FCN EDITORIAL
June 22, 1999

Know thyself

Our recent two-part series on the influence of Western culture on Blacks in Africa, Europe, the Caribbean and even immigrant Blacks from the United States demonstrates the vital message the Honorable Elijah Muhammad first delivered among Blacks brought up through slavery in America: The Black man must know himself.

Africans in the Diaspora are imitating Black culture exported from America. It is sad that Blacks in America are the ones acting out these negative images which ofttimes are crafted by those who exploit our talent and distribute them.

Is it really our idea to denigrate our women in movies and songs; or is it encouraged by the movie and music moguls because "that’s what sells?" Since when did the image of a female with a thigh-high skirt, blonde hair and toting a pistol define Black womanhood, as a huge mural in Paris designed by a Black businessman from the Caribbean there depicts? Why are some young Africans wearing pants that sag below their buttocks and are trying to live a "gangsta life?"

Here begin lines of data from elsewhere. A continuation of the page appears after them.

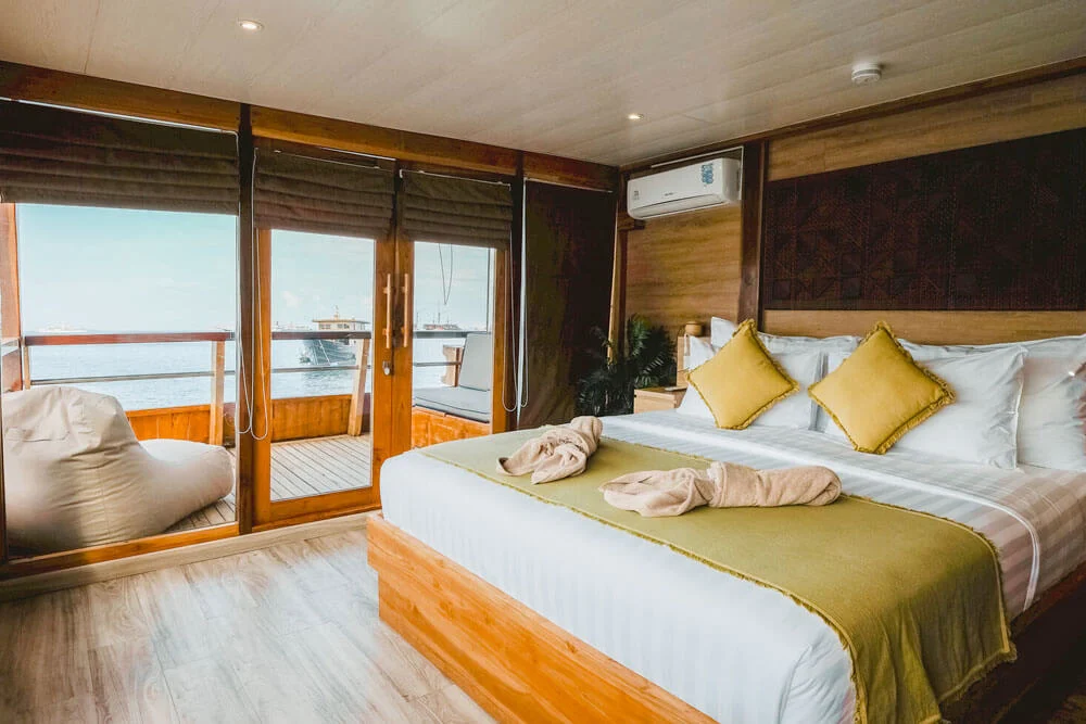 The Indo Master liveaboard boasts 9 cabins and can accommodate up to 18 guests. Each cabin comes with air-conditioning and an ensuite bathroom. Whether you’re traveling solo, with a partner, or with family, Indo Master has the perfect space for you to unwind after a day of underwater exploration.
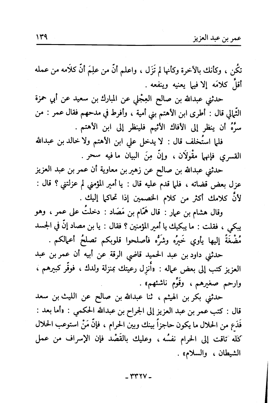حَدَّثَنِي بَكْرُ بْنُ الْهَيْثَمِ، ثنا عَبْدُ اللَّهِ بْن صَالِح عَن الليث بْن سعد قَالَ: كتب عُمَر بْن عَبْد الْعَزِيزِ إِلَى الجراح بن عبد الله الحكمي: «أما بعد:
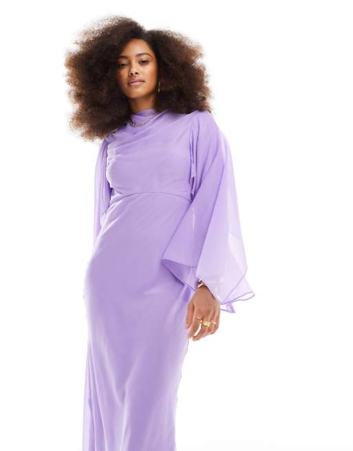 ASOS DESIGN cape sleeve bias maxi dress in chiffon with cape overlay detail in lilac ASOS Very well made.
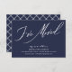Navy blue I've moved new address announcement featuring a modern script font with a coordinating plaid back for an extra touch.
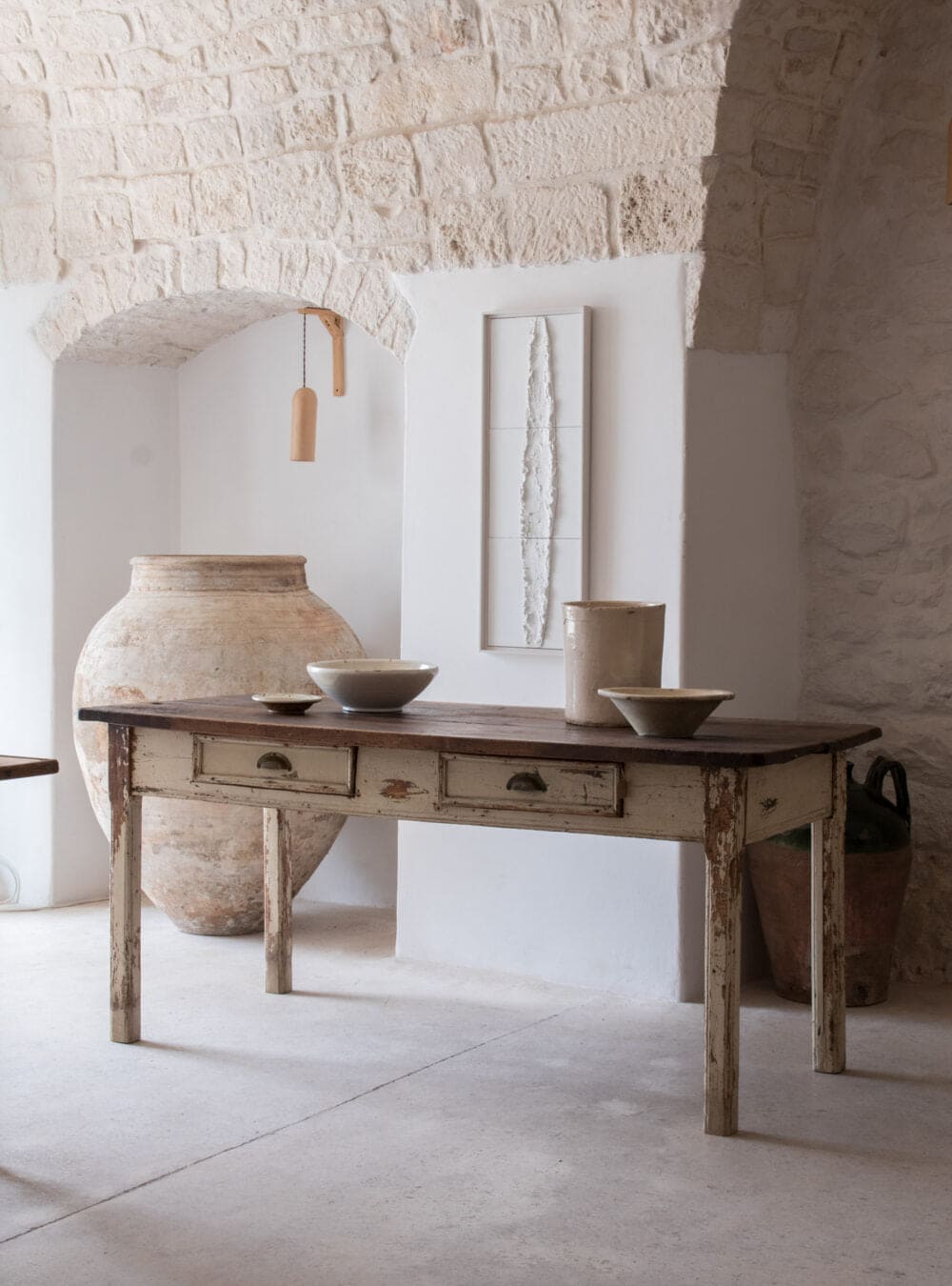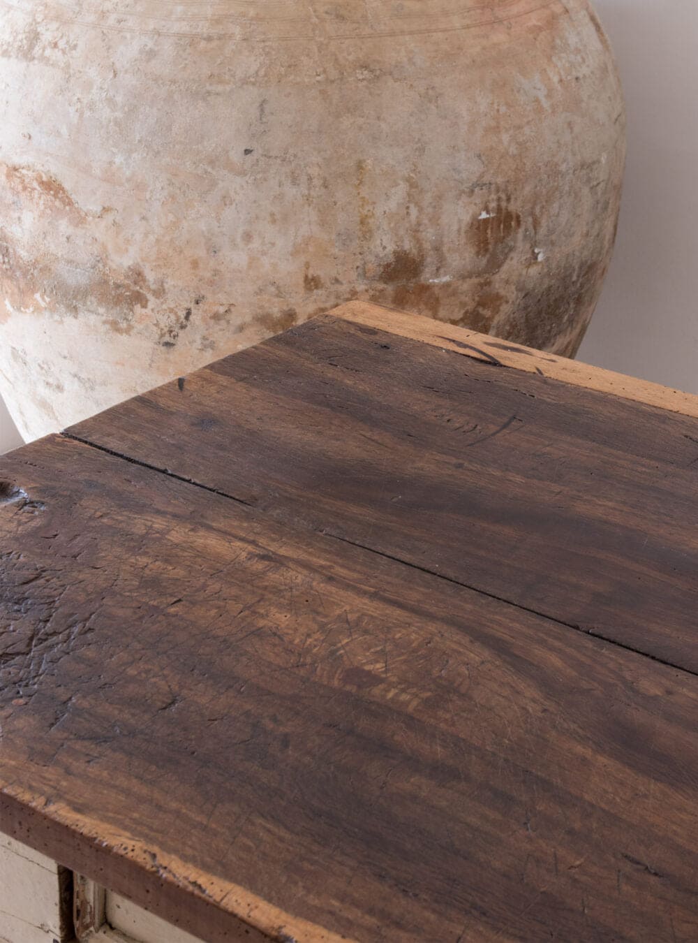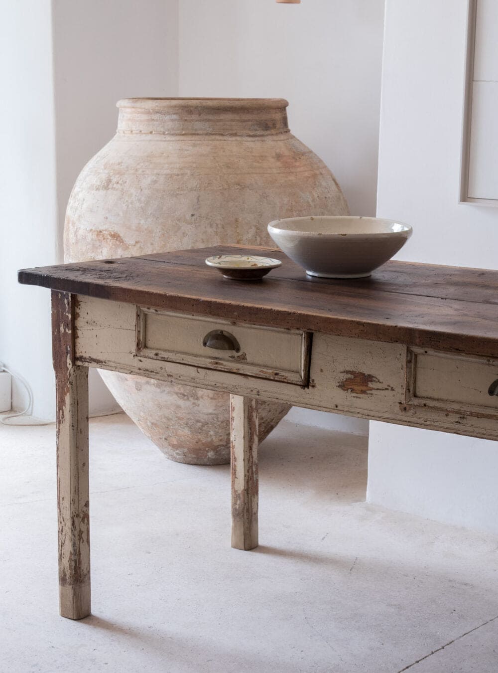 Une table en chêne robuste récupérée dans une vieille maison des Abruzzes. Le plateau épais de la table est fixé à une structure solide avec des pieds effilés décorés. Deux tiroirs frontaux et une table en chêne robuste récupérée dans une vieille maison des Abruzzes. Le plateau épais de la table est fixé à une structure solide avec des pieds effilés décorés. Deux tiroirs frontaux et une table en chêne robuste récupérée dans une vieille maison des Abruzzes. Le plateau épais de la table est fixé à une structure solide avec des pieds effilés décorés. Deux tiroirs en façade et
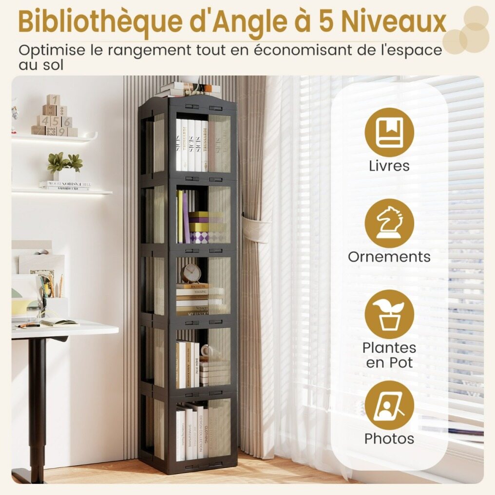 5-tier corner bookcase maximizing storage while saving floor space
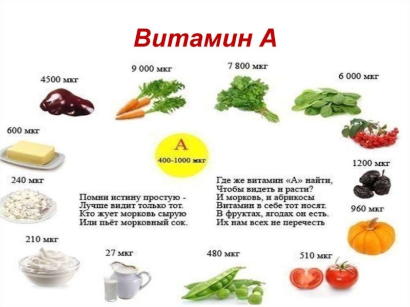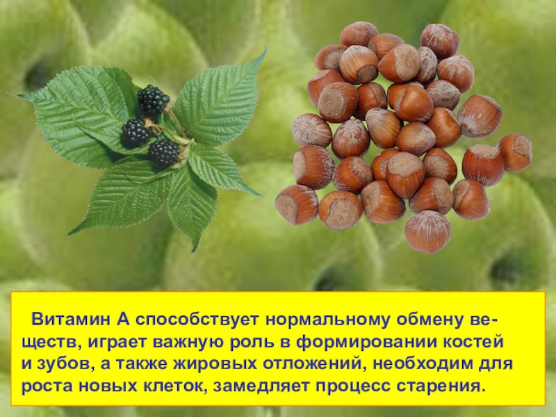 Витамин А способствует нормальному обмену ве-ществ, играет важную роль в формировании костейи зубов, а также жировых
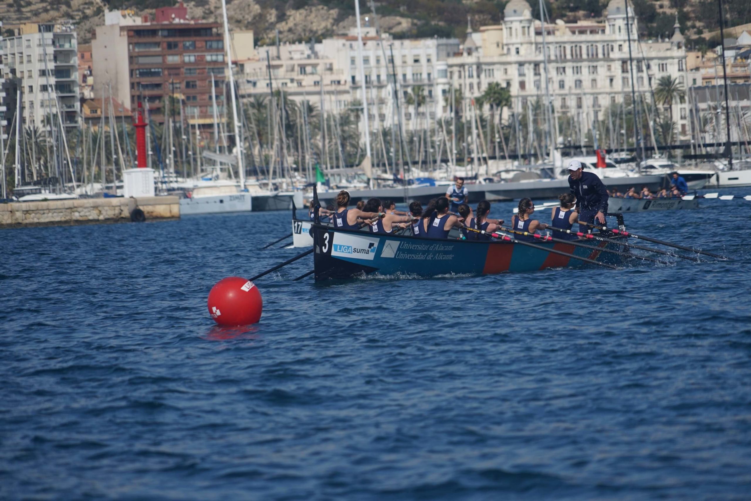 La Liga Suma Banco Fijo del Mediterráneo que celebra la Federación de Remo de la Comunitat Valenciana pasó el pasado domingo por Alicante con su VII Regata. Las condiciones climatológicas fueron favorables y cerca de 700 deportistas remaron en la zona habilitada, en el interior del puerto alicantino. Un total de dieciocho clubes de la Federación valenciana y otros seis invitados, pertenecientes a las federaciones murciana, catalana y andaluza; dejaron un gran espectáculo de remo.
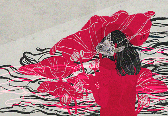 Una sensibilità che ritroviamo anche nell’header che Camelia ha realizzato per noi, suggestivo ed esotico anche nel titolo: “Lo stagno del loto“.
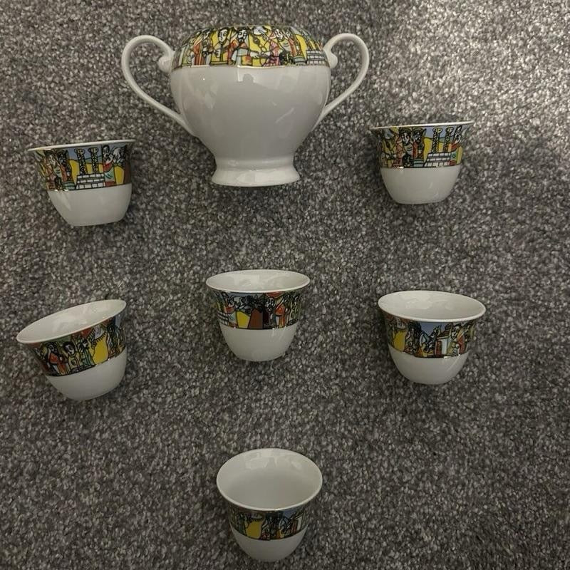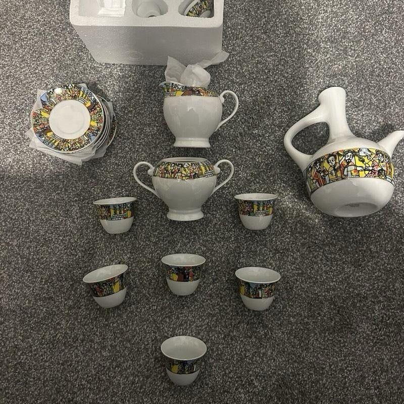Ethiopian Saba Jabena Coffee Pot & Cups Set | 17-Piece Porcelain Coffee Ceremony Set
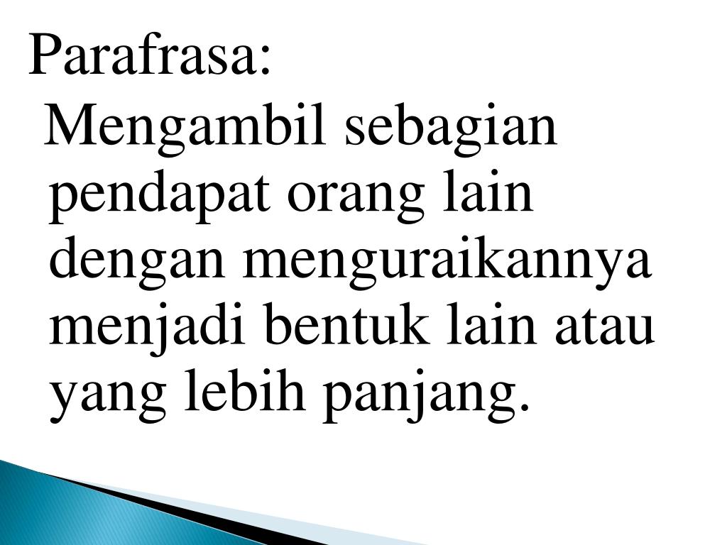 Parafrasa: Mengambilsebagianpendapatorang lain denganmenguraikannyamenjadibentuk lain atau yang lebihpanjang.
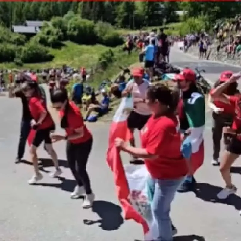 Cerca de 10 aficionados protagonizaron el famoso baile llamado ‘Payaso de Rodeo’ dentro de la etapa 20 del Giro a una de finalizar la campaña.
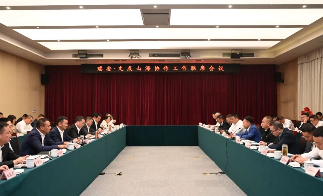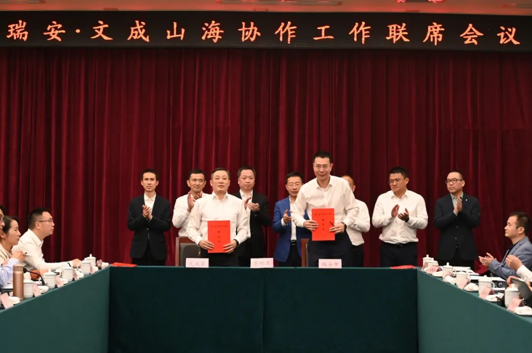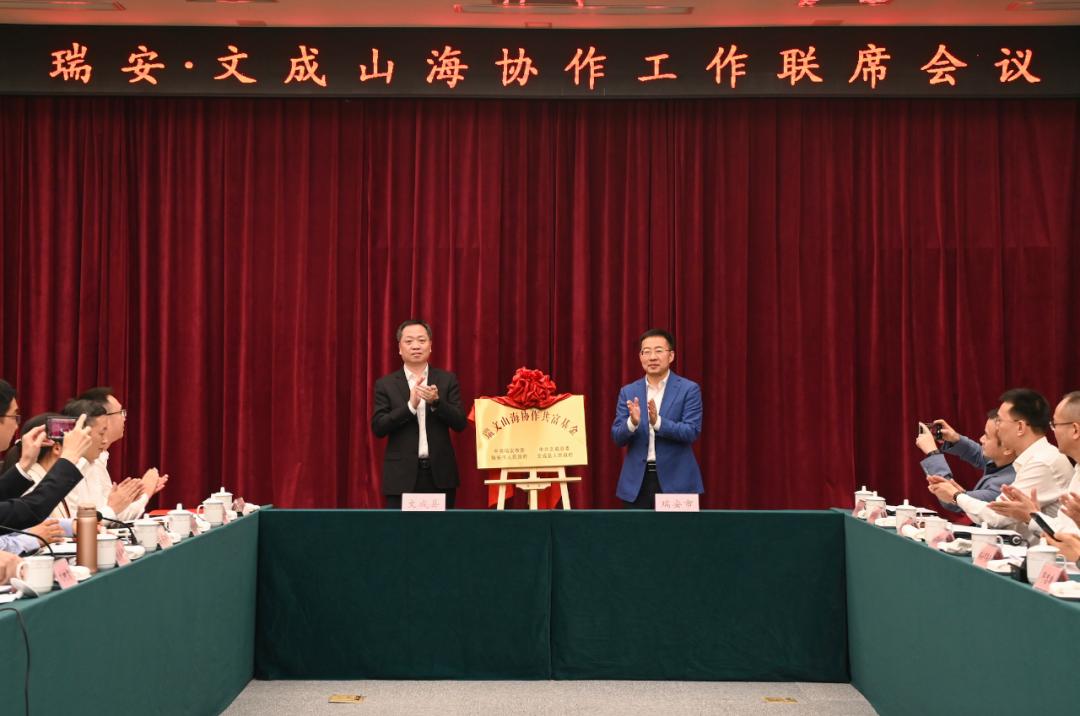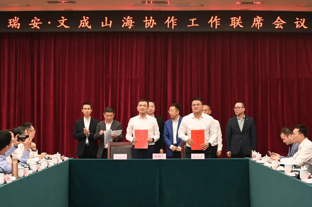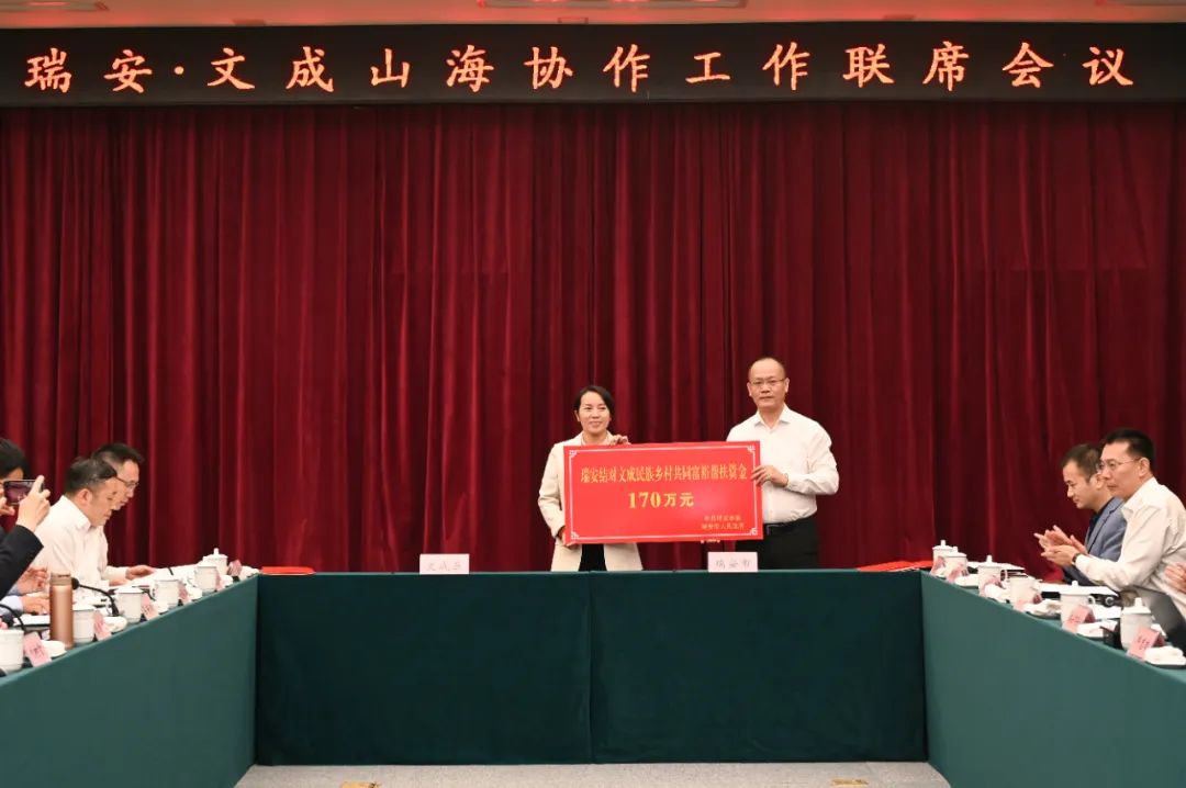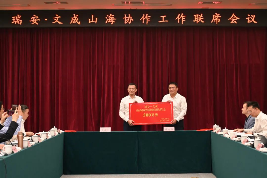 会上,瑞安与文成签订了战略合作、年度合作、“产业飞地”合作共建、产业链合作共建以及联动招商合作协议书,举行了援建帮扶资金、结对民族乡村共同富裕帮扶资金捐赠仪式以及共富基金揭牌仪式。会议还听取了山海协作工程开展情况、民族乡村共同富裕工作情况等介绍。

The Black man and woman throughout the world have been crushed under the burden of white supremacy, a theology that has created a condition of inferiority in Blacks. If the Black man in America is defining the image that is being emulated around the world, then it would be wise for our brothers and sisters to understand that this man has been affected more than any other by both mindsets. To bring a Black man to complete submission in the most horrible form of chattel slavery in history, one had to totally give him a new mind and image of himself. As Dr. Carter G. Woodson once wrote, the Black man in America has been trained to go to the back door … and if there isn’t one already there, he’ll make one.

There are many great things that the Black man and woman of America are doing, but those aren’t the images carried around the world. And many great leaders have come to lift us out of our condition. But all of them were attacked, many of them killed and their ideas destroyed.

One man interviewed by The Final Call argued that America doesn’t rule the world with nuclear power and force. She rules it through her movies, culture, music and sports. He described it as a "mental colonization."

The lasting message of the Honorable Elijah Muhammad now being echoed by the Honorable Minister Louis Farrakhan is the key that will unlock this mentality and raise our people to the level of respectability. Have we forgotten that we are the teachers of civilization?